Notorious hijackings

  • 1971 - A man known only by the alias D. B. Cooper is credited with inspiring both copycat crimes and winning enduring infamy by hijacking an airplane and collecting $200,000 in ransom money and a parachute before jumping. He has never been identified.[17]

Dealing with hijackings

Before the September 11, 2001 attacks, most hijackings involved the plane landing at a certain destination, followed by the hijackers making negotiable demands. Pilots and flight attendants were trained to adopt the "Common Strategy" tactic, which was approved by the United States FAA. It taught crew members to comply with the hijackers' demands, get the plane to land safely and then let the security forces handle the situation. Crew members advised passengers to sit quietly in order to increase their chances of survival. They were also trained not to make any 'heroic' moves that could endanger themselves or other people. The FAA realized that the longer a hijacking persisted, the more likely it would end peacefully with the hijackers reaching their goal;[18] often, during the epidemic of skyjackings in the late 1960s and early 1970s, an inconvenient but otherwise harmless trip to Cuba for the passengers.

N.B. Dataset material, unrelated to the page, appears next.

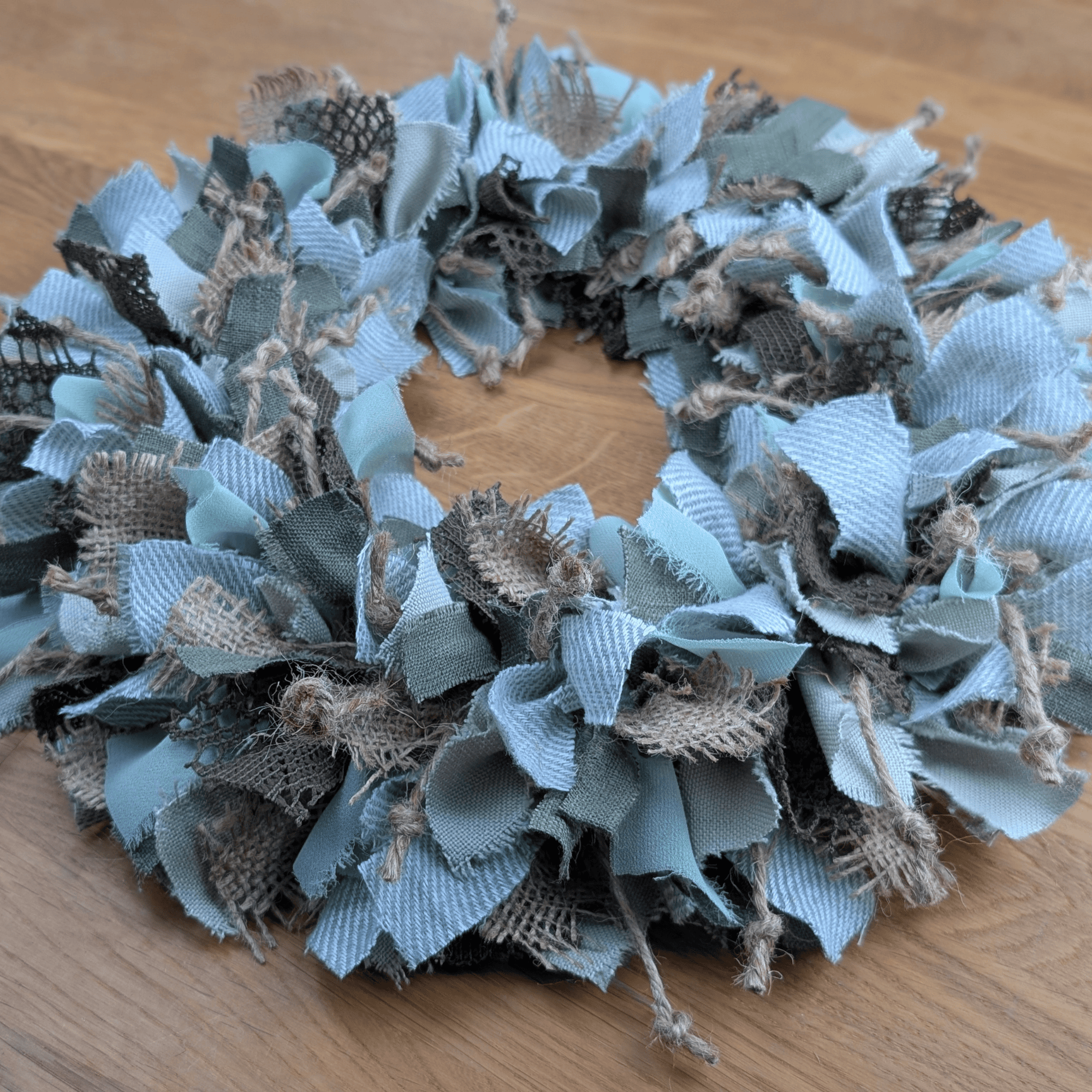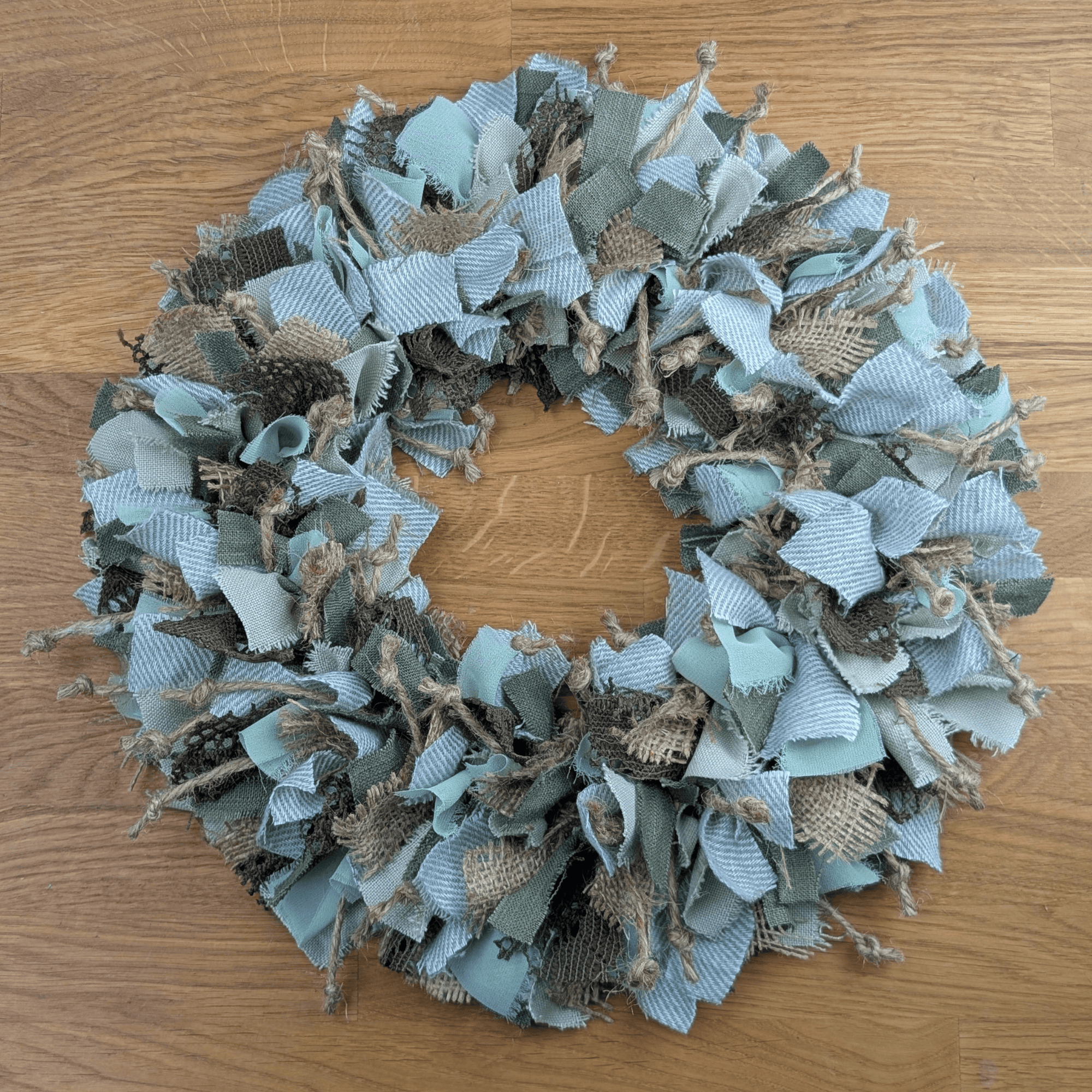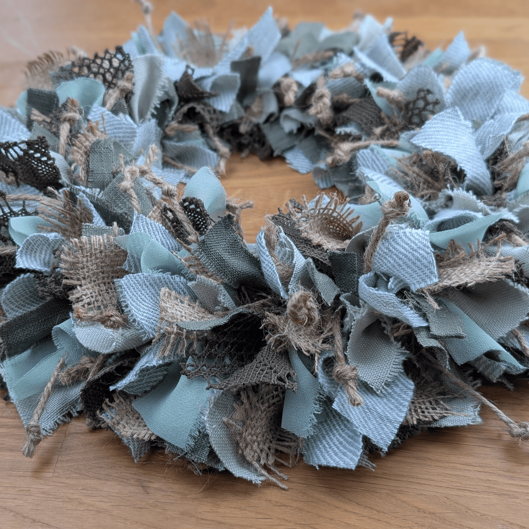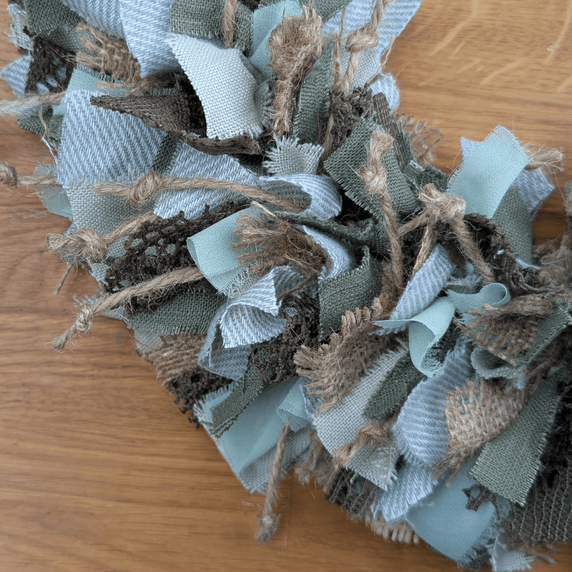 Dieser Textilkranz vereint natürliche Wärme mit frischen Grüntönen und einer charmanten Upcycling-Optik. Die Kombination aus braunen Nuancen und verschiedenen Grünabstufungen wirkt lebendig, harmonisch und angenehm ruhig. Unterschiedliche Stoffarten sorgen für Struktur und Bewegung, während Jute dem Kranz eine rustikale, naturverbundene Ausstrahlung verleiht. So entsteht ein dekorativer Blickfang, der Gemütlichkeit und Individualität stilvoll miteinander verbindet.

The September 11 attacks presented an unprecedented threat because it involved suicide hijackers who could fly an aircraft and use it to deliberately crash the airplane into buildings for the sole purpose of causing massive casualties, with no warning, demands or negotiations, and no regard for human life. The "Common Strategy" approach was not designed to handle suicide hijackings, and the hijackers were able to exploit a weakness in the civil aviation security system. Once the hijackers assumed control of the airliners, they told the passengers that they had the bomb on board and would spare the lives of passengers and crew once their demands were met; no passenger or crew on board nor anyone on the ground actually suspected that the hijackers would use the airliners as suicide weapons since it had never happened before in history. Since then, the "Common Strategy" policy in the USA and the rest of the world to deal with airplane hijackings has no longer been used.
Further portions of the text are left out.